Playing like this sets my standard, not recordings of perfection.

Sunday, June 2, 2013

I Hate Quarter Notes -- Except in Haydn Minuets

This post's title is lifted from one of my favorite songs by Leonard Bernstein: I Hate Music,  The lyric goes on to say, "...but I love to sing."  

I don't really hate quarter notes themselves.  What I hate is the reduction of every rhythmic event to some multiple or division of the quarter note.  The other day I ran across a copy of Clementi Sonatinas in which some brainwasher of a piano teacher had written, in red, "one-y-and-a-two-y-and-a" over some of the wittiest content of the piece.  Poor lambs, both teacher and child.

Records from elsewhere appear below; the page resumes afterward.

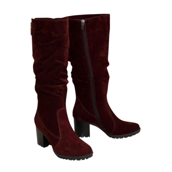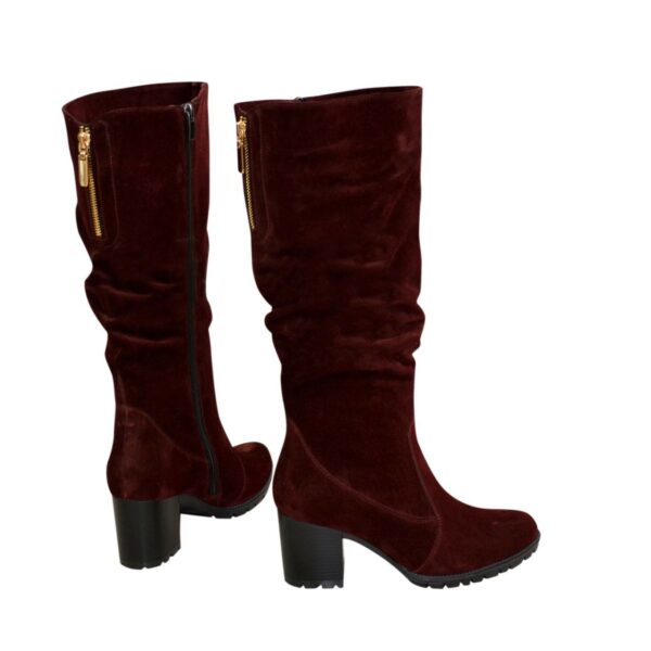 Стильні чоботи жіночі з натуральної замші бордового кольору, з гумкою у верхній частині чобота. На потовщеній підошві. Обсяг гомілки можна замовити від 35 см до 40 см для будь-якого розміру.
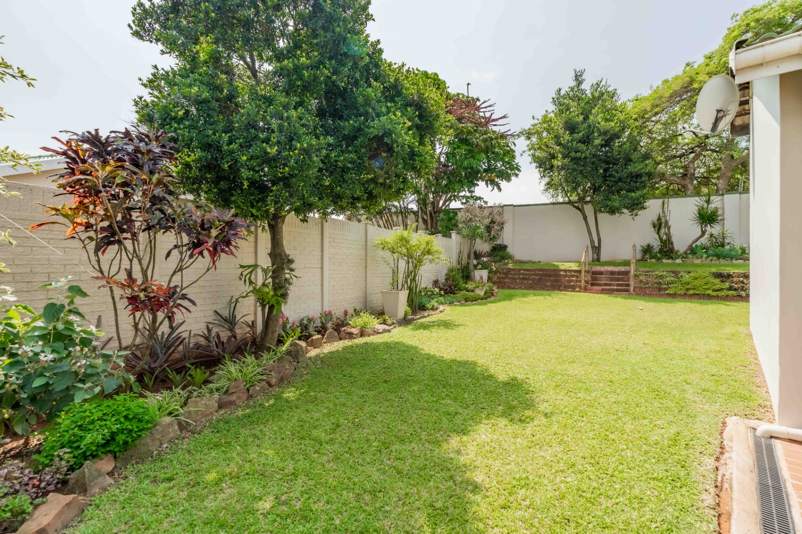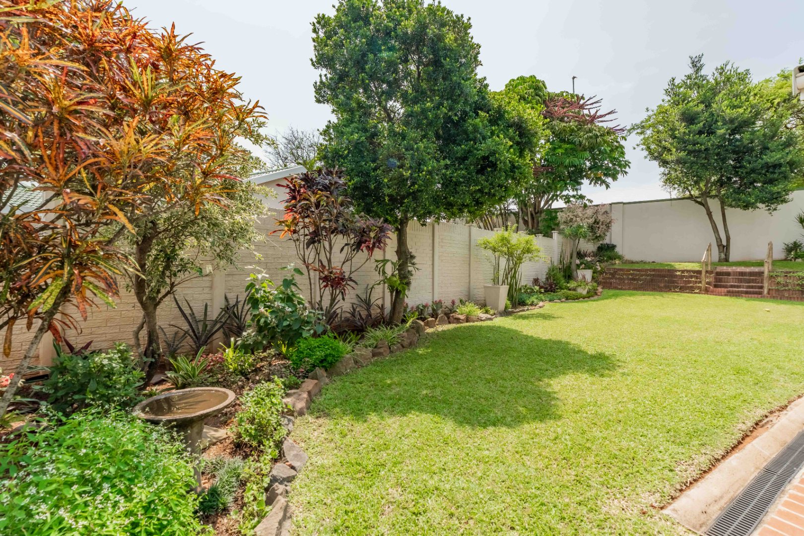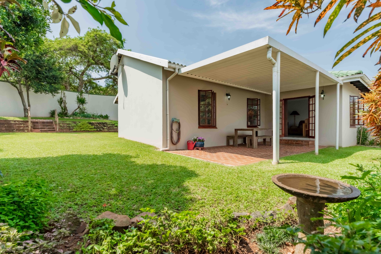 Step out onto a covered, red-brick patio overlooking a beautifully landscaped, terraced garden — privately walled and designed for easy upkeep. Whether you love entertaining, gardening, or simply enjoying quiet outdoor moments, this space is a standout feature.
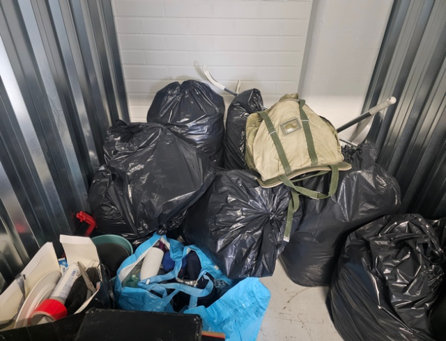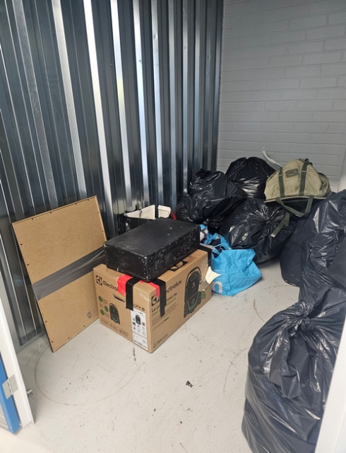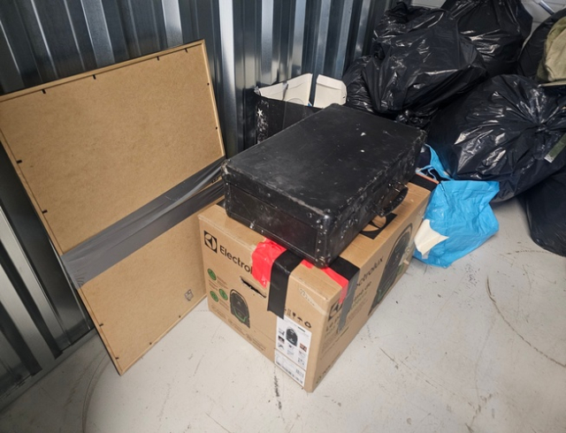 Myydään huutokaupalla kuvassa näkyvän varaston sisältö, vuokranantajan / haltijan lukuun.

Today a student came in with the minuet from a  sonata in which Haydn plays the most wonderful games with quarter notes, sometimes using them as halves of half-notes ---- ah!!!  but which half?  We will never know for sure.  But in the meantime it would be good to free our imaginations from restriction to quarter notes uber alles, even going so far as to entertain the notion that a rest might have at least as much "say" about what is happening as an actual sounding note.